Frey, who as Ward 3 City Councilman represents neighborhoods around the University, took office in January and said his new role has strengthened the city’s ties with the institution.

This budding relationship is new and beneficial for the two stakeholders, he said. Although the partnership existed before, Frey said his time in office has deepened the connection, and University officials agree.

Specifically, Frey said he’s kept a close eye on Dinkytown development, the Central Corridor light rail project, TCF Bank Stadium construction and crime prevention efforts around campus.

University community relations director Jan Morlock said she talks with Frey’s office at least once a week about how the city and the University can work together more effectively — by increasing collaboration between University and Minneapolis police departments, for example.

“There’s a realization by the city and the University that they’ve got to work together on a problem that affects both of them,” said Humphrey School of Public Affairs political science professor Larry Jacobs.

Frey joined University administrators last Friday at a press conference addressing rowdy Dinkytown crowds after the previous night’s NCAA Frozen Four semifinal victory.

Frey said he was pleased with how the city and University law enforcement officials responded to the incident, but he noted that hockey fans can celebrate without “beating the hell out of property.”

Guiding change

Development in the University area is another issue on Frey’s radar.

The Venue, a new Dinkytown apartment complex, is set to open by fall 2014. Frey said he’s watching that project closely.

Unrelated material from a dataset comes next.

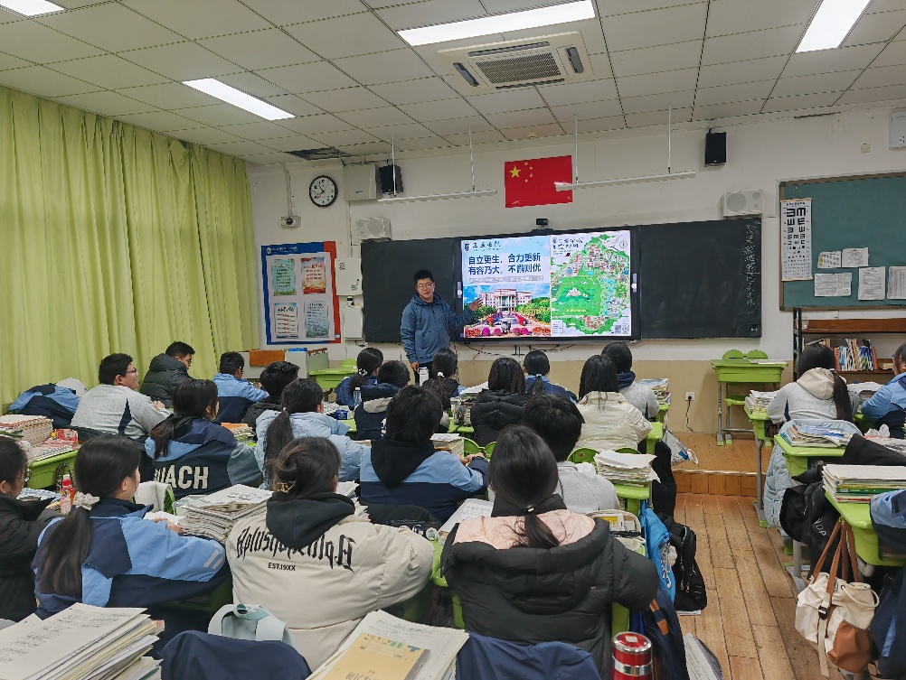 2月2日,旅酒学院智慧旅游专业2501班的谭啸怀揣着对高中母校的怀念,从椰风海韵的海南三亚回到了书香浸润的山东省青岛二中分校。作为“把我的大学带回家”寒假社会实践的参与者,为高一三班与高一四班的学弟学妹们带来了一场饱含温度的大学生活分享,以学长的身份传递成长力量。
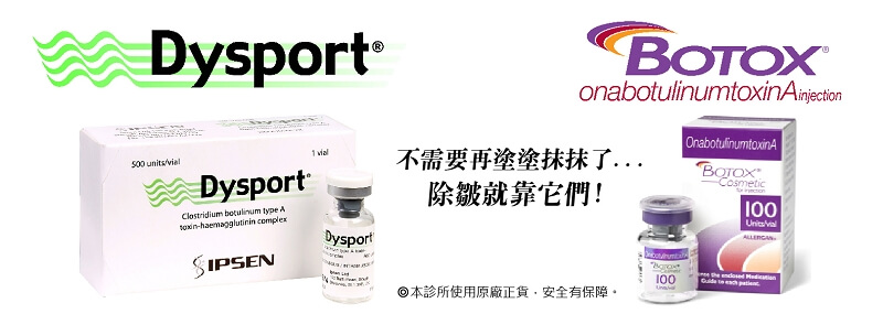 目前台灣以Dysport、Botox兩大廠牌為主,兩者皆俱有良好的藥劑效果,唯有計算用量單位不同此差異。本院只使用合格安全進口之肉毒桿菌藥劑,並採用標準用量配方施打絕不稀釋,全程安全無菌注射,提醒在進行詢比肉毒桿菌注射療程要瞭解注射物內容、與醫師的專業背景,每個人依本身條件與需求用量與維持性不同,切勿以價格比較趨向增加自身醫療風險。

“Dinkytown is hot,” he said. “There are developers who are chomping at the bit to do some impressive projects.”

Frey fills one of the city’s three seats on the University District Alliance, a group of city, University and community leaders that meets to discuss the needs of campus-area neighborhoods.

University-relevant transportation projects are also surfacing on the city level, including the light rail launching June 14.

Once it opens, Frey said, the easy commute will make jobs downtown more attractive to students.

The University area will see more changes this summer in preparation for the Minnesota Vikings’ arrival in the fall. The team will play at TCF Bank Stadium, which Frey said will benefit local businesses.

Beyond the University, Frey has focused on desegregating neighborhoods by revamping city regulations to allow for a mix of housing stock.

He’s also had a hand in financing a downtown park, changing city code to allow ridesharing companies to operate in Minneapolis and securing funds for a new school in the North Loop neighborhood.

“I think Jacob brings a spirit of engagement,” Morlock said. “It’s a good sign for [the University’s] future partnership work with the city.”

‘Spring training’

The learning curve for new City Council members is steep, Jacobs said, adding that some new council members are struggling to reconcile the promises they made on the campaign trail.

Seven of the 13 members were elected this year, and many are new to holding public office.

“I see this as really an adjustment period,” Jacobs said, calling it “spring training.”

New members have to get up to speed with current city projects, he said, which could potentially reverse plans that have been unfolding for years with informal city approval.

For example, the 2014 City Council denied Doran Companies a permit to demolish properties in Dinkytown, which Jacobs said affects the long-term plans of stakeholders involved.

“Now [developers] are pretty confused,” he said. “They don’t really know where the City Council is going.”

Ward 5 City Councilman Blong Yang, who’s also in his first year on the council, said it takes time to learn city government and how to work effectively with city departments.

Learning quickly is part of the job, Frey said, and despite the challenge, the rewards outweigh the struggle.

“It’s been an absolute whirlwind,” he said.